Nic Jacobs

No. 85
- Position: Tight end

Personal information
- Born: October 13, 1991 (age 34) Many, Louisiana, U.S.
- Listed height: 6 ft 5 in (1.96 m)
- Listed weight: 295 lb (134 kg)

Career information
- High school: Many
- College: McNeese State
- NFL draft: 2014: undrafted

Career history
- New Orleans Saints (2014)*; Jacksonville Jaguars (2014–2015); Baltimore Ravens (2016)*;
- * Offseason or practice squad member only

Career NFL statistics
- Receptions: 3
- Receiving yards: 22
- Receiving touchdowns: 1
- Stats at Pro Football Reference

= Nic Jacobs =

American football player (born 1991)

Nicholas Cozat Marquis Jacobs (born October 13, 1991) is an American former professional football player who was a tight end in the National Football League (NFL).
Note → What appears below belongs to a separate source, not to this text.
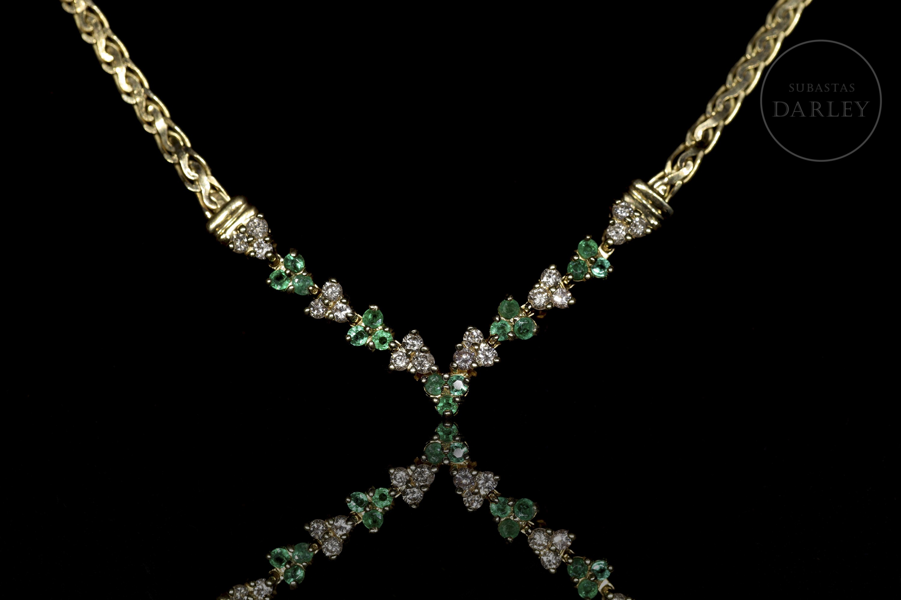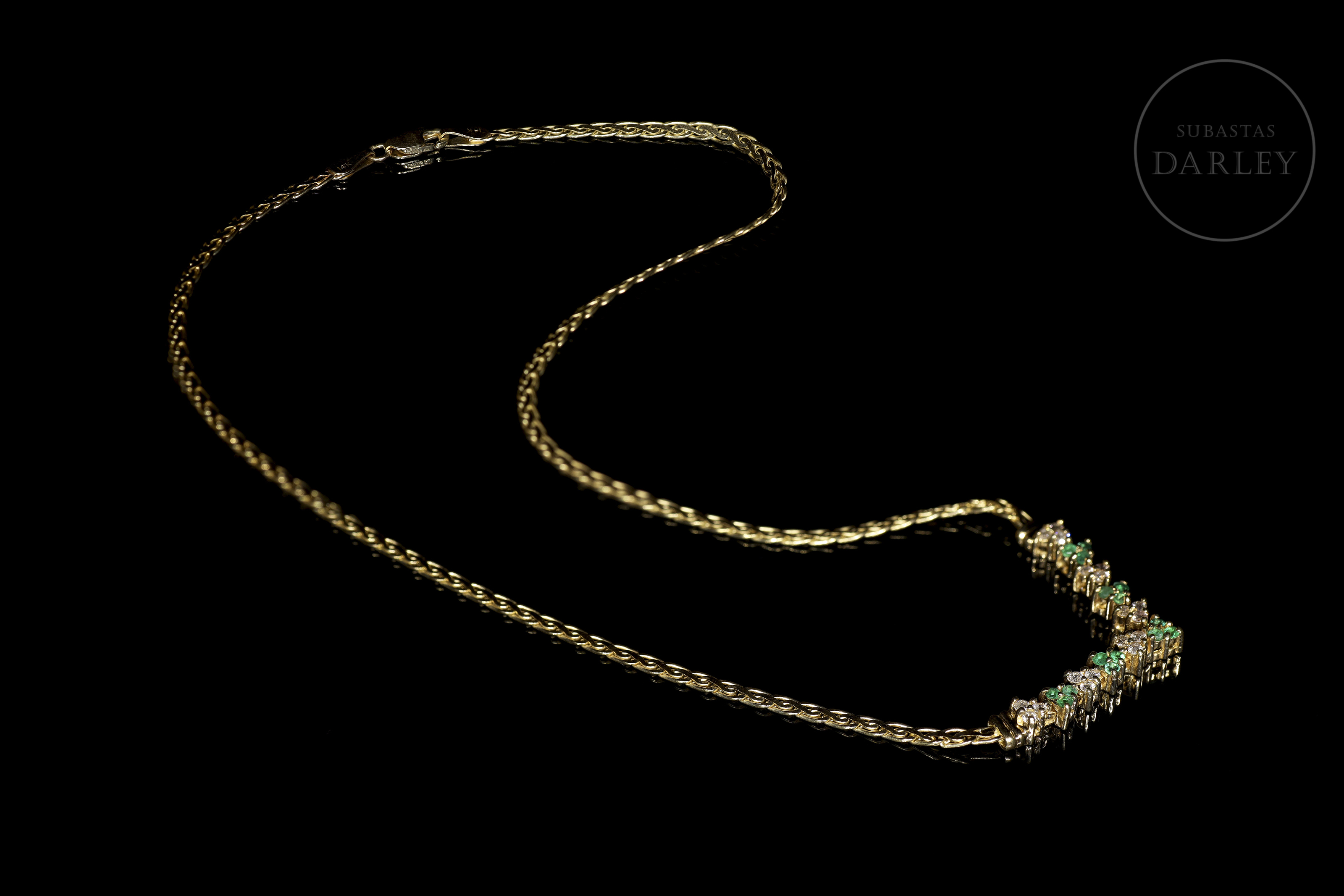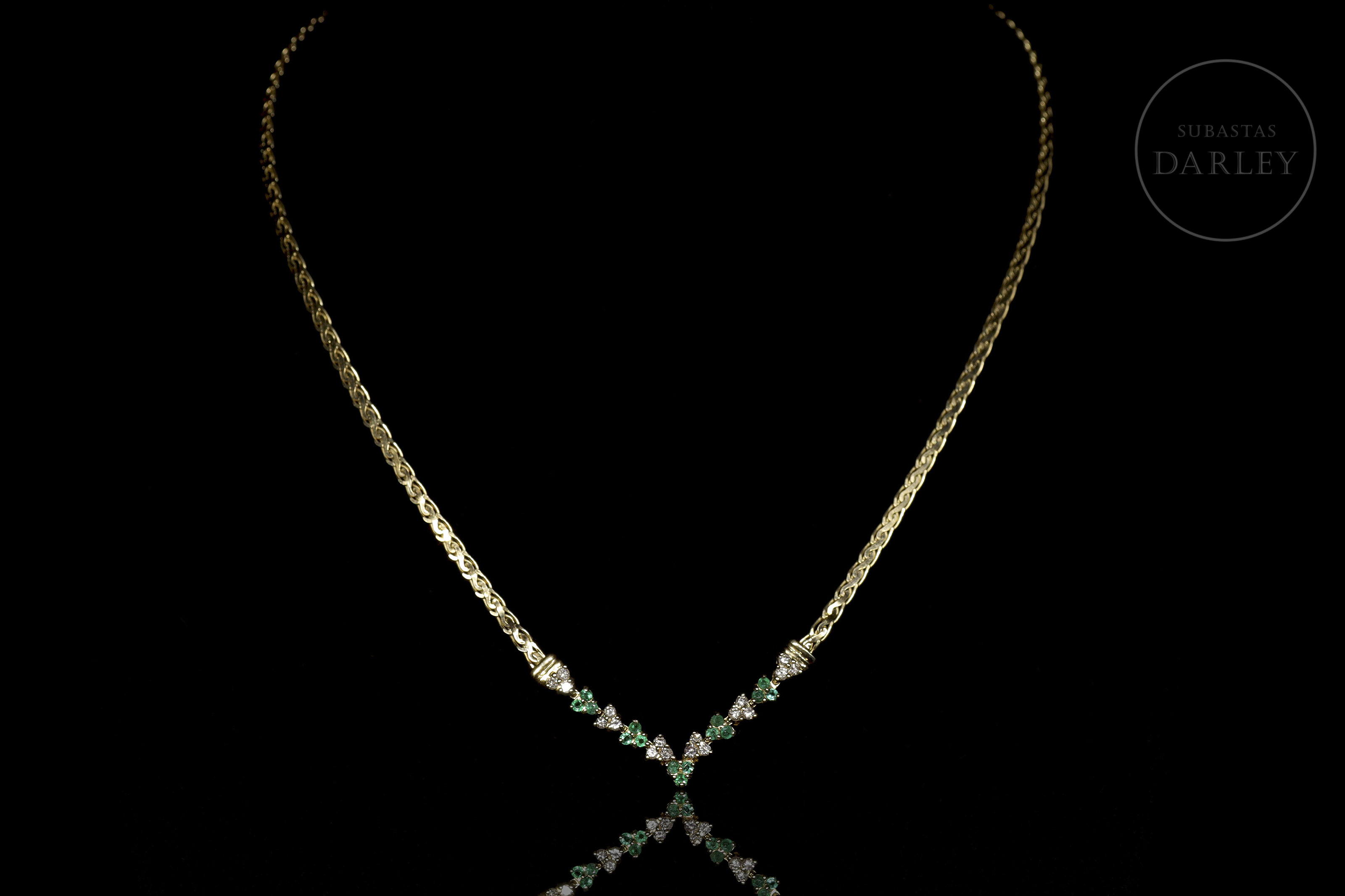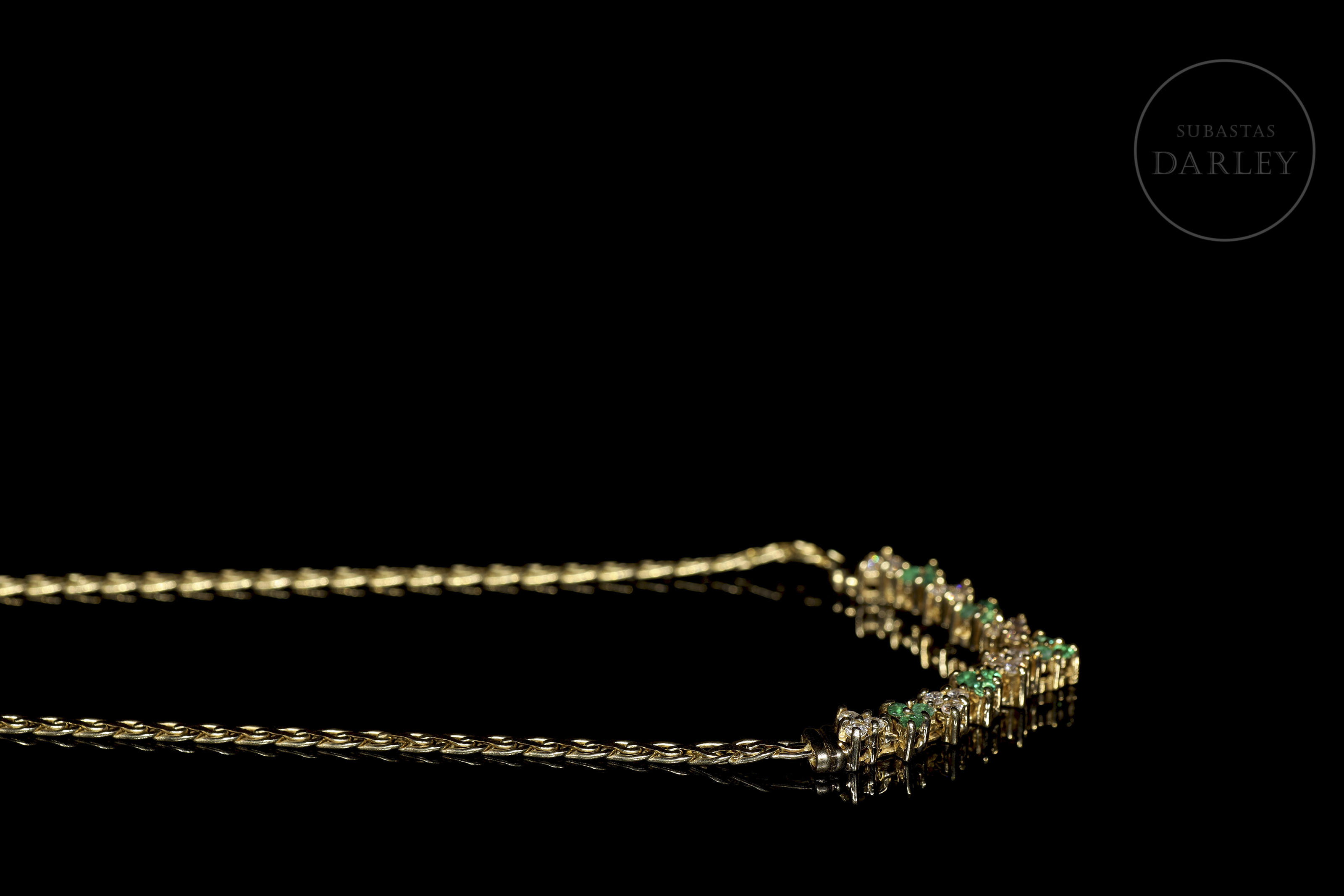 Gargantilla de oro amarillo con esmeraldas y diamantes
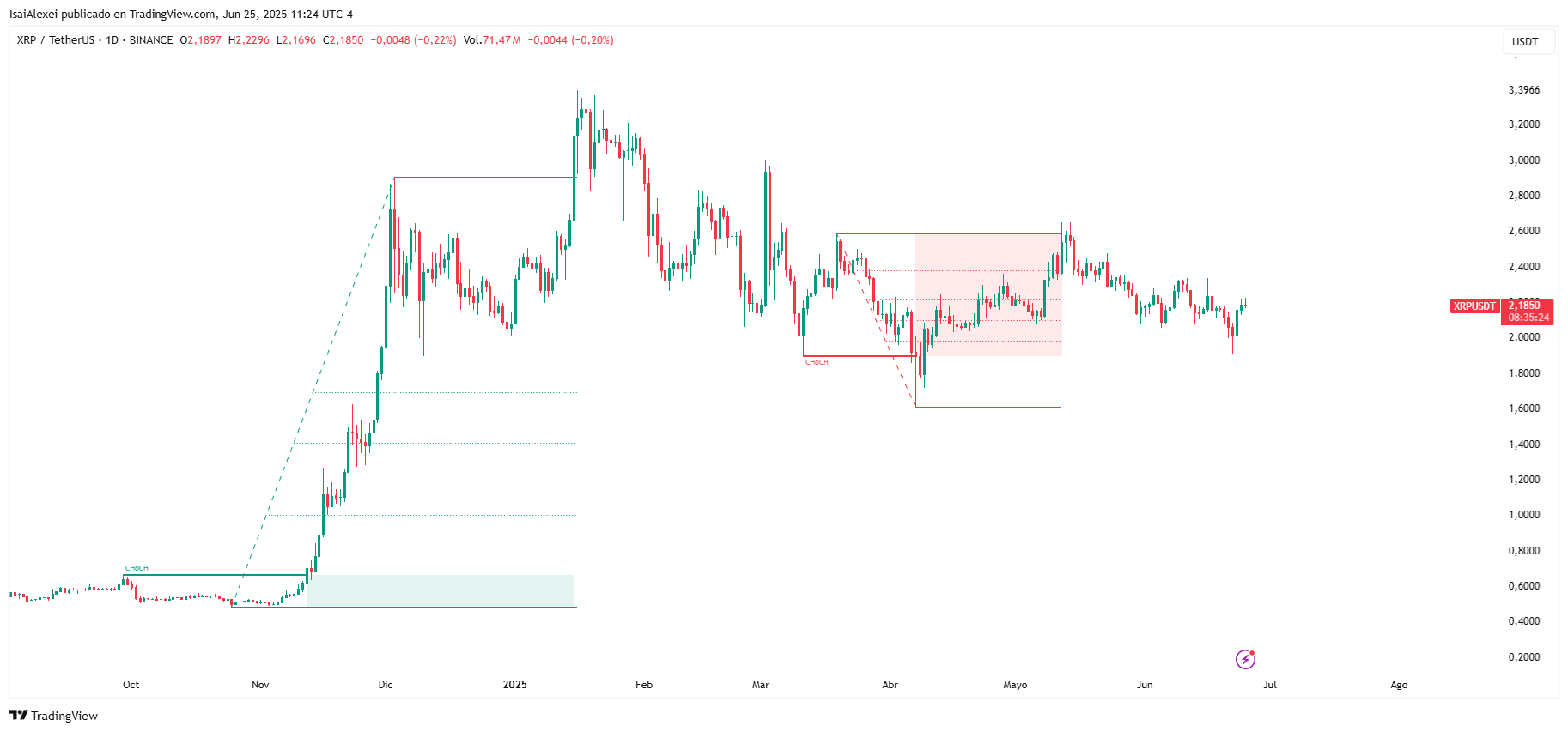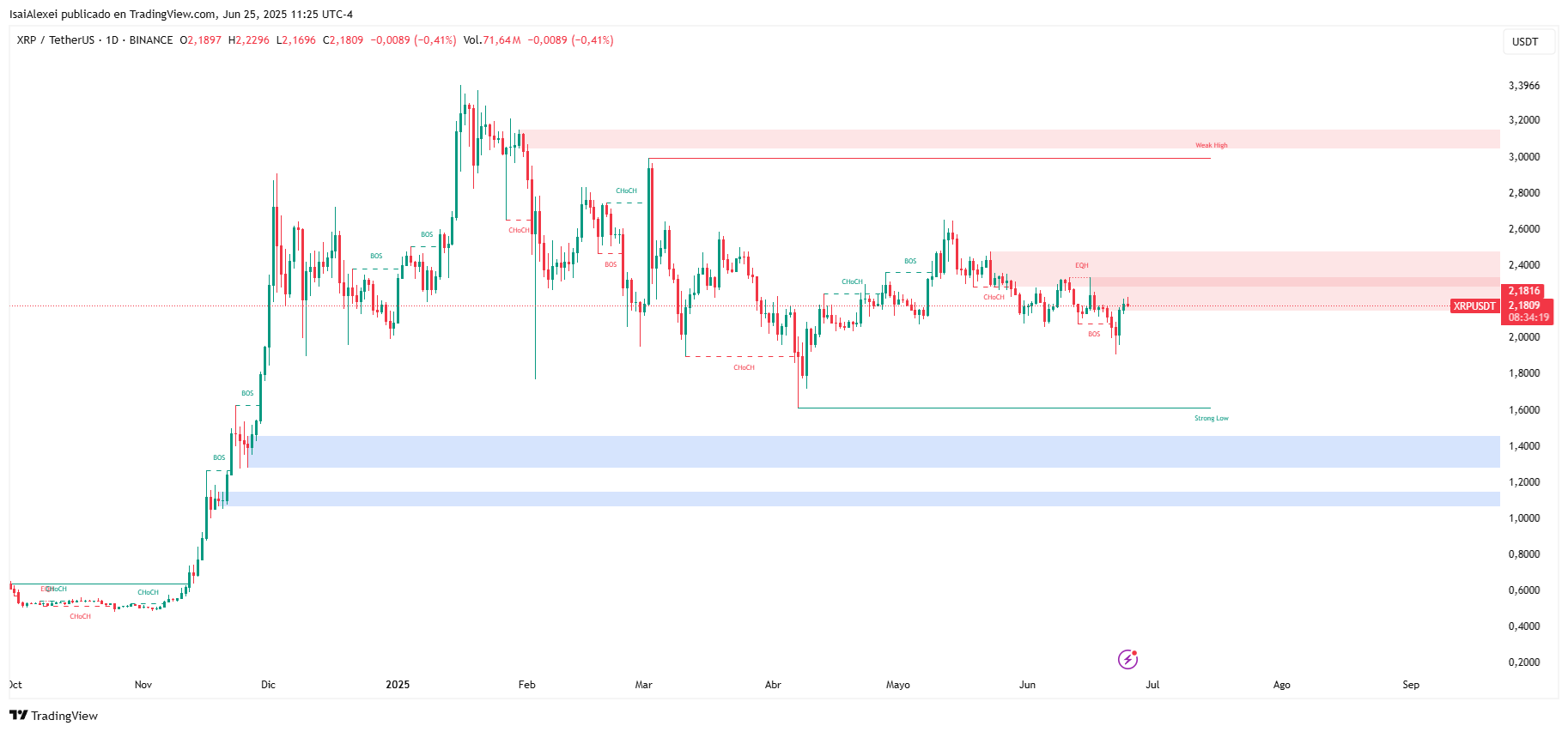 XRP短期上升通道形态完整,即时支撑位2.15美元,阻力位2.25美元。若有效突破2.25美元,或将测试2.40美元关键位;反之若失守2.15美元,可能回撤至5月底形成的2.00–2.05美元积累区间。

He was signed as an undrafted free agent by the New Orleans Saints after the 2014 NFL draft. He played college football for the McNeese State Cowboys, after transferring from the LSU Tigers.

==Professional career==

===New Orleans Saints===
Following the 2014 NFL draft, Jacobs was signed by the New Orleans Saints as an undrafted free agent. He was signed to their practice squad on September 1, 2014.

===Jacksonville Jaguars===
On September 23, 2014, Jacobs was signed to the Jacksonville Jaguars 53-man roster. On August 30, 2016, he was released by the Jaguars.

===Baltimore Ravens===
On November 2, 2016, Jacobs was signed to the Baltimore Ravens' practice squad but was released three days later.